Sementara Mendagri, Tito Karnavian menyampaikan, penggantian Pj. Gubernur ini, karena Gita ingin maju dalam Pilkada 2024. Dalam pidatonya selepas melantik Hassanudin, Tito menyebut bahwa Lalu Gita sempat bertemu dengannya dan menyampaikan keinginan untuk diberi ruang yang lebih luas dan waktu yang cukup membangun jejaring dalam rangka pemenangan.
“Saya terjemahkan ini keinginan mengundurkan diri dan otomatis saya harus menyiapkan pengganti,” ujar eks Kapolri itu, Senin, 24 Juni 2024.

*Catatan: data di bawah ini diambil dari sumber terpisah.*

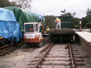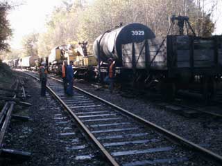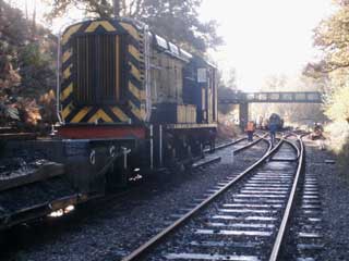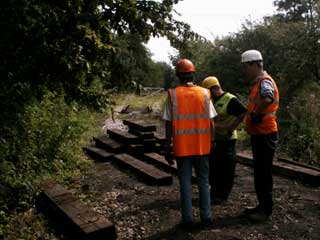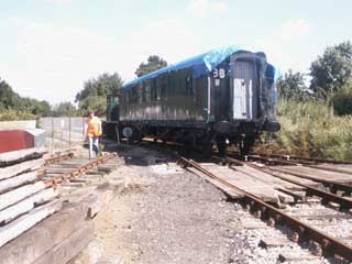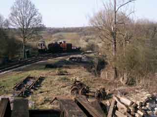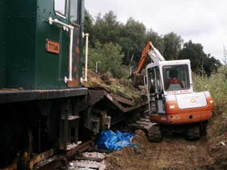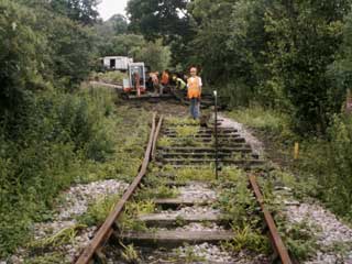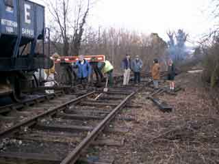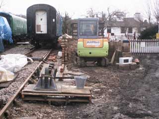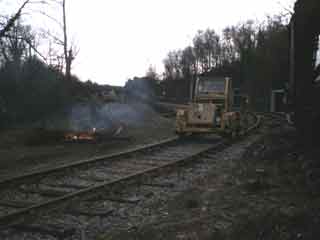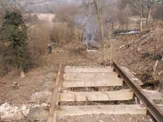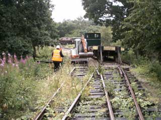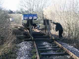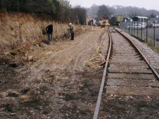 Sunday 18th January 2004 Work progressed on lineside clearance of embankments between Oak Tree sidings and towards 1st bridge. Buffer stops were cleared of vegetation and jacked up in preparation for being moved to new position at end of concrete sleepers.
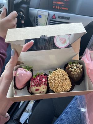 Оригинальный подарок, вкусный шоколад, свежая клубника. Имениннице очень понравилось!!!
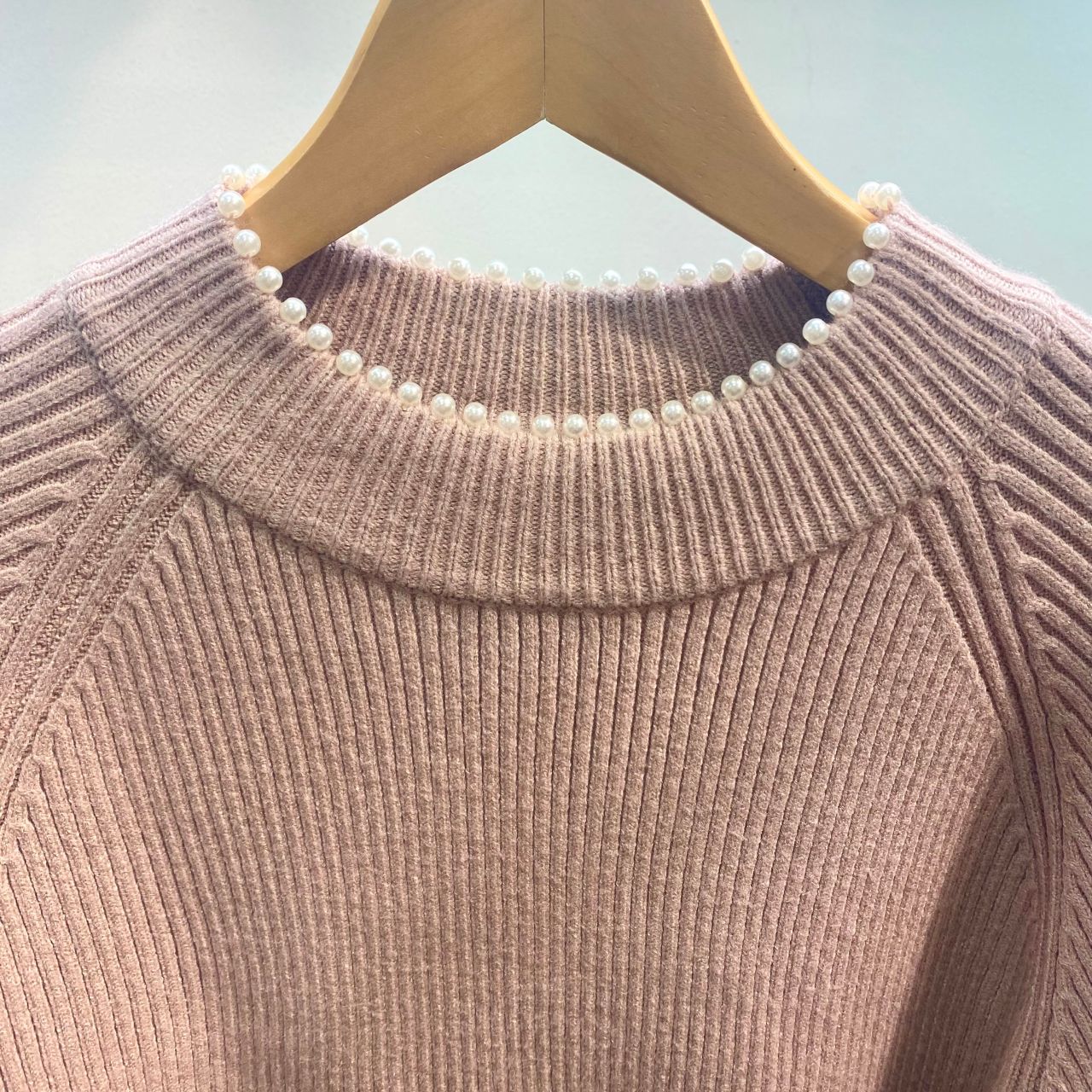 襟元にさりげなく小さいパールが付いているので、可愛すぎずカジュアルなボトムとの相性も抜群です!
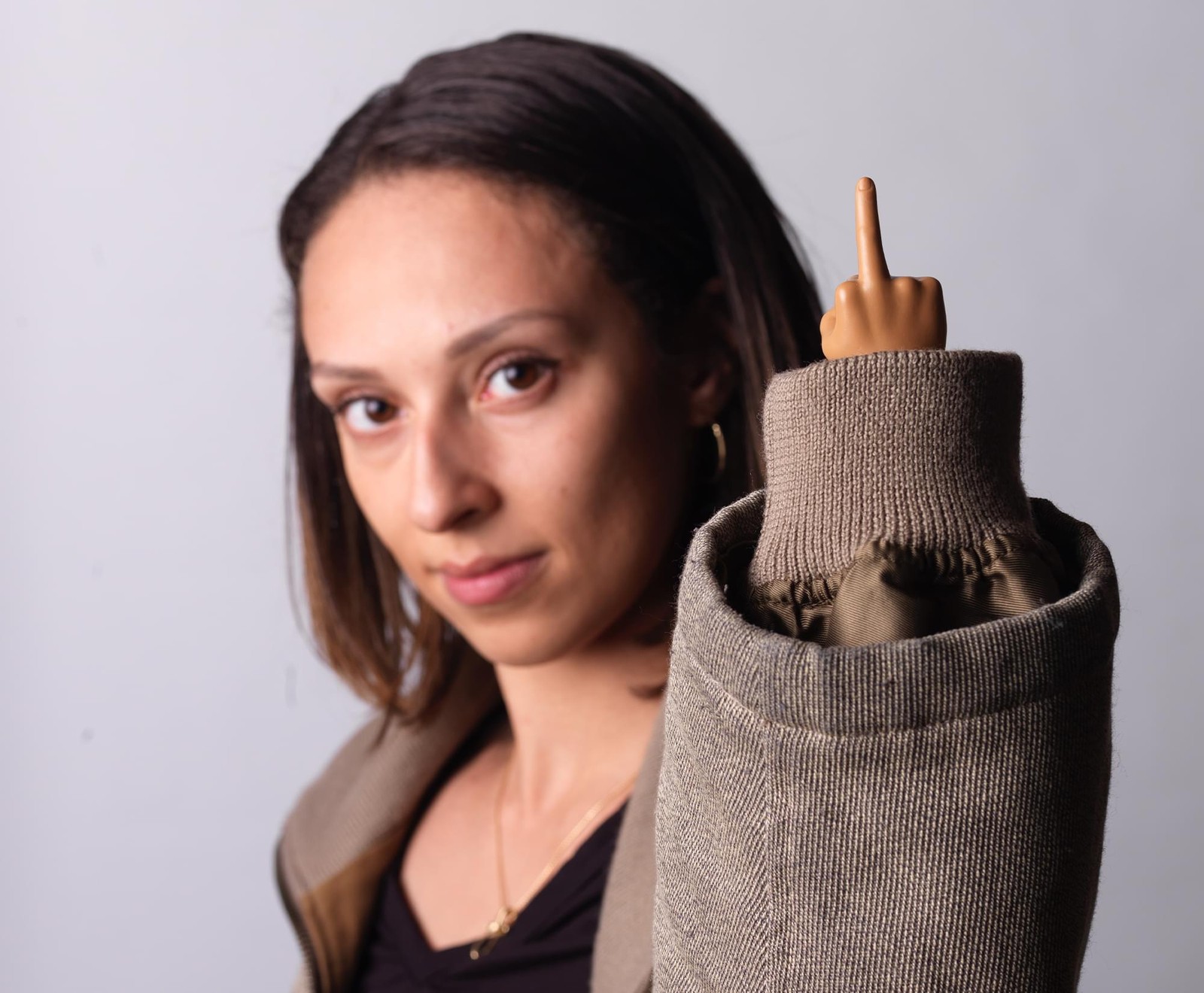 Tiny Hands 4.5-Inch Novelty Toy Left and Right Middle Finger Hand Deep Brown
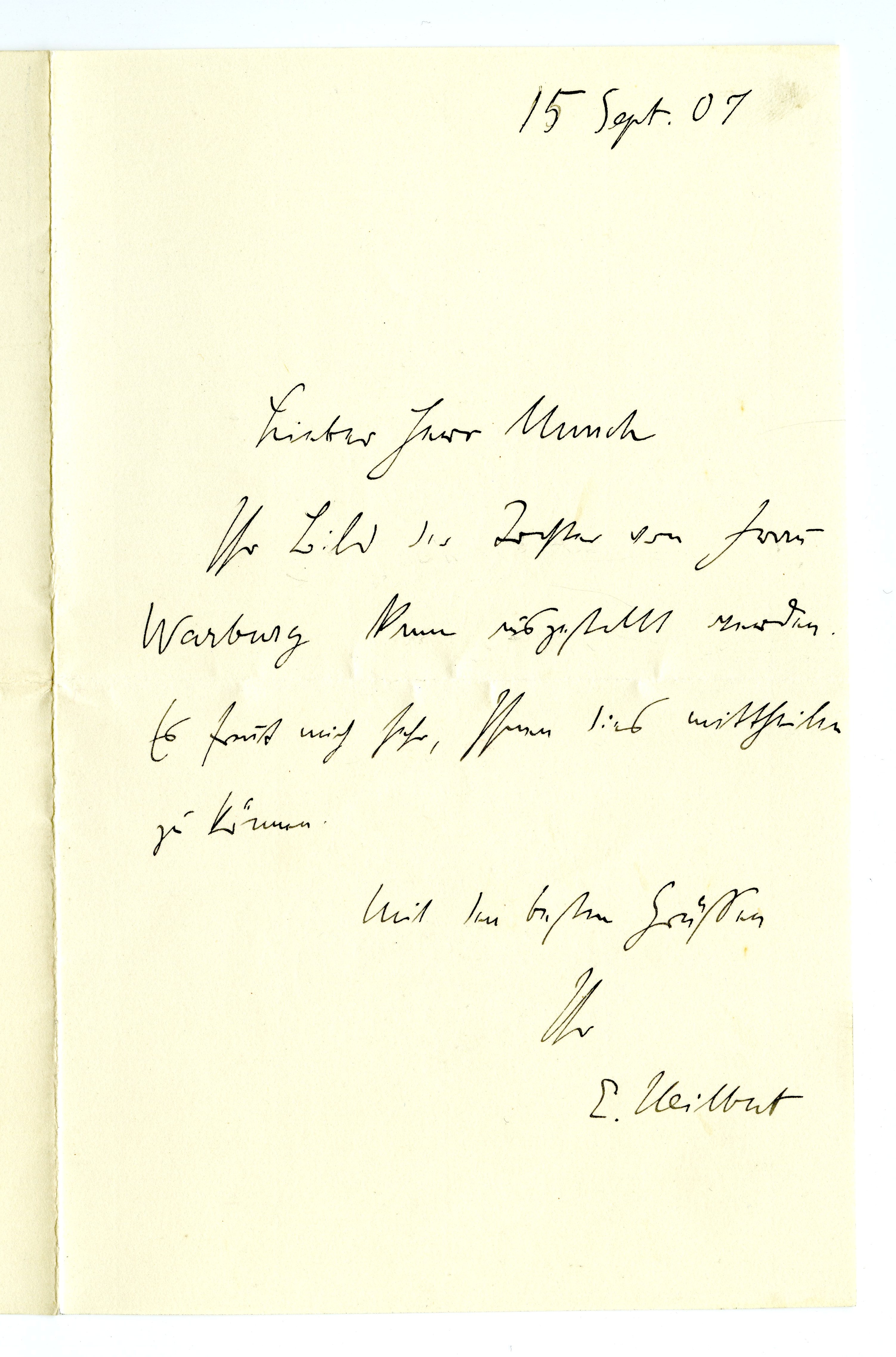 MM K 2482, Munchmuseet. Datert 15.09.1907. Brev fra Emil Heilbut.
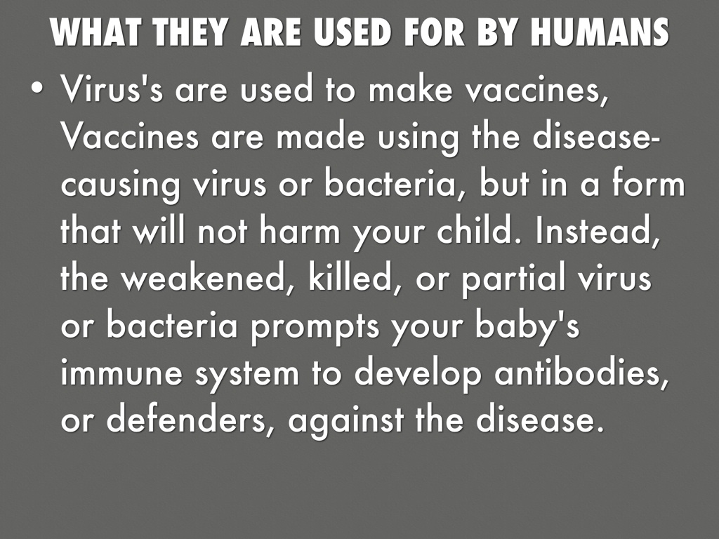 Virus's are used to make vaccines, Vaccines are made using the disease-causing virus or bacteria, but in a form that will not harm your child. Instead, the weakened, killed, or partial virus or bacteria prompts your baby's immune system to develop antibodies, or defenders, against the disease.

Sebelum meninggalkan kursi nomor satu di Bumi Gora ini, Gita meninggalkan banyak jejak. Salah satunya dalam hal tata kelola birokrasi. Tepat pada 25 Maret 2024 lalu, Gita akhirnya melakukan mutasi pertama kalinya sejak menjabat sebagai Pj. Gubernur.
Gita melakukan mutasi terhadap 76 pejabat eselon III dan IV. Tersebar di seluruh Organisasi Perangkat Daerah (OPD) lingkup Pemprov NTB. Menurutnya, mutasi ini sebagai upaya untuk penyegaran pejabat Pemprov NTB.